Fork Lift Accidents

September is the Deadliest Month of the Year for Fork Lift Accidents

Sometimes, the strangest patterns can emerge from life. A leading firm of personal injury compensation lawyers have been doing the numbers and have concluded that September is one of the deadliest months for those working with fork lift trucks as fork lift accidents are at their highest at this time of year. Their report has resulted in a warning being issued for everyone involved with fork lift trucks highlighting the dangers associated with this type of equipment, particularly during that first month back after the summer holidays.

Statistically, September is the 'deadliest' month for fork lift truck accidents, accounting for a considerable percentage of the accidents at work logged during this month. Most of these accidents occur when fork lift drivers or pedestrians in warehouses are distracted or simply assume that they have been seen by the other party. Most of these accidents are entirely avoidable and fork lift accidents often constitute legitimate grounds for a compensation claim for an accident at work. In respect of those that happen because of the failure of the employer to implement a safe working system where heavy machinery such as fork lifts are being used, or because of the negligence of a colleague, the injured party has a strong claim for personal injury compensation against the employer. The bottom line is that it is the employer, not the fork lift driver, who is responsible for providing a safe working environment, both for all employees and for any visitors to the site. They are ultimately responsible for the actions of their workforce.
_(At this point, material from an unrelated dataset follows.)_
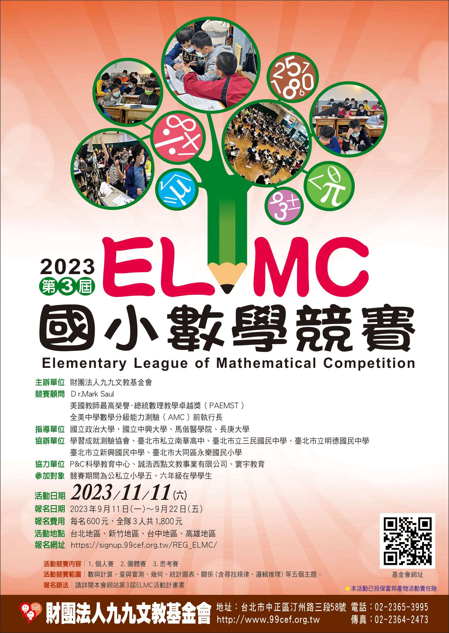 九九文教基金會訂於112年11月11日(星期六)舉辦第三屆ELMC國小數學競賽
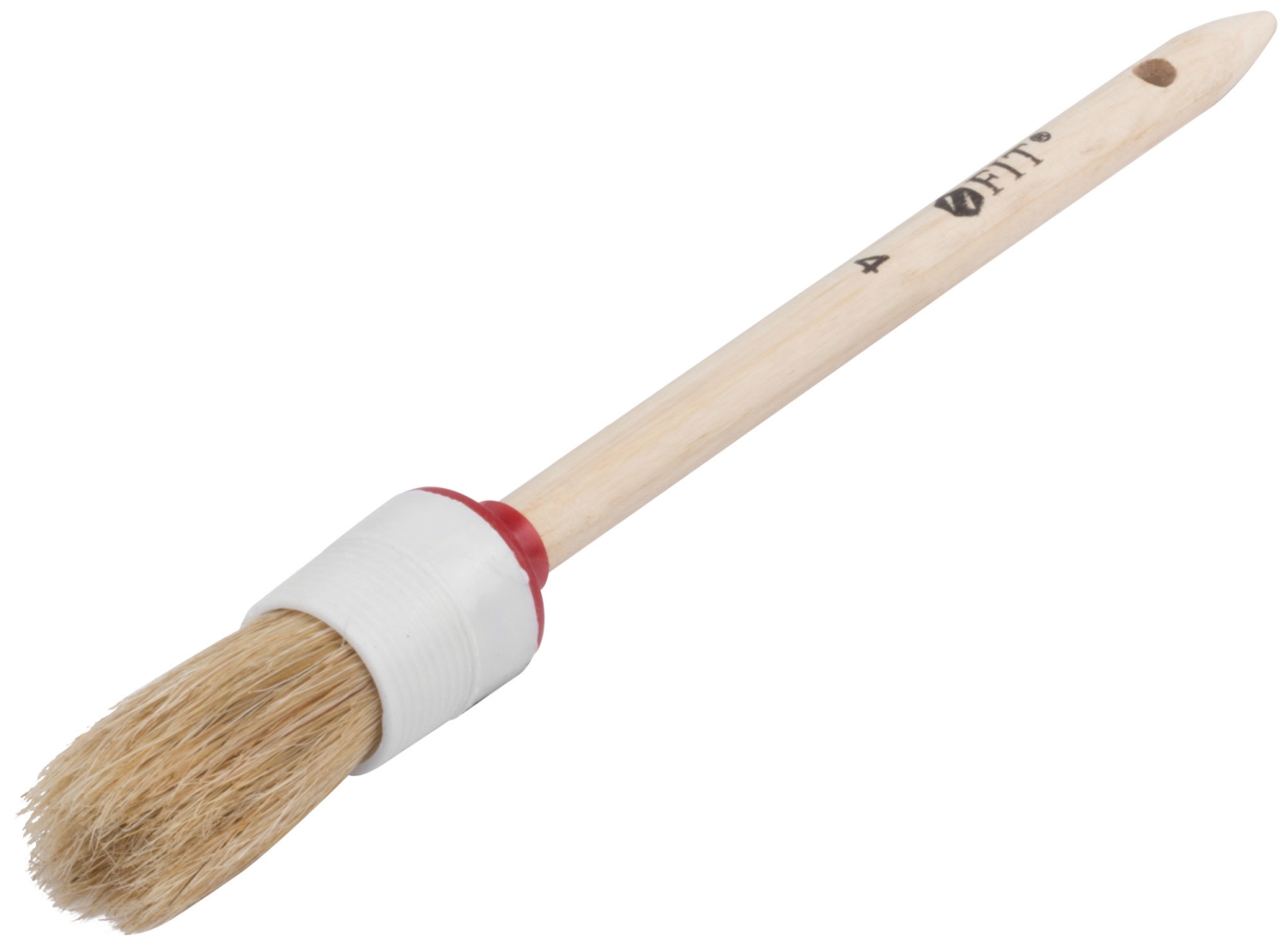 Кисть круглая, натуральная светлая щетина №4 ( 25 мм). Для работы со всеми видами лакокрасочных материалов. Натуральная светлая щетина, пластиковый корпус, деревянная ручка.

Around 400 workers are seriously injured by fork lift accidents every year, with the most serious accidents resulting in around 10 fatalities annually. Many more suffer less serious injury but still have to take time off work to recover and receive treatment for their injuries. One of the most common injuries is crushing, which can have devastating consequences, even if the fork lift is travelling relatively slowly.

The consequences of a fork lift accident can result in the injured party having to take considerable time off work to recover from their injuries and this can obviously affect their ability to earn a wage, meet household bills and carry on a 'normal' life. More serious injuries can lead to a lifetime of intensive care and the loss of the ability to earn a living.

Health and Safety officials have long promoted the importance of vigilance when using heavy machinery in the workplace and are concerned at the number of accidents that still happen in the workplace every day. There has been a degree of success in their campaign to raise awareness about accidents at work, but there still seems to be a bit of a blase attitude when it comes to fork lift trucks. The opinion amongst many employers is that once the driver has his certificate, it is then his responsibility to drive the truck in a manner that will not cause injury or harm to other people. But the reality of everyday life in a busy warehouse puts pressure on drivers to operate their fork lifts in a less than safe manner to 'get the job done'. In a confined space like a warehouse, there's very little room for mistakes, particularly if the machine you're operating is heavy, fast and fitted with large prongs at the front. Any accident involving a fork lift is potentially life-threatening and if employers do not want to see more claims brought against them for accidents in the workplace, perhaps it is time to clamp down on the cavalier attitude that many drivers have towards safety. A hard hat is not going to protect you against a one ton machine travelling at 15mph loaded with crates.

Injury claims specialists believe that it is going to be a long time before accidents in the workplace are eradicated, if ever. Fortunately, workers injured by fork lift trucks or any other preventable situation in a working environment have some means of redress through injury compensation. But this does not excuse poor duty of care levels and a 'get the job done at all costs' attitude in an environment where dangerous machinery is operating. A shift in thinking has to take place, along with stricter enforcement on health and safety standards by the authorities. Perhaps then September will cease to be such a 'deadly month' for injuries at work.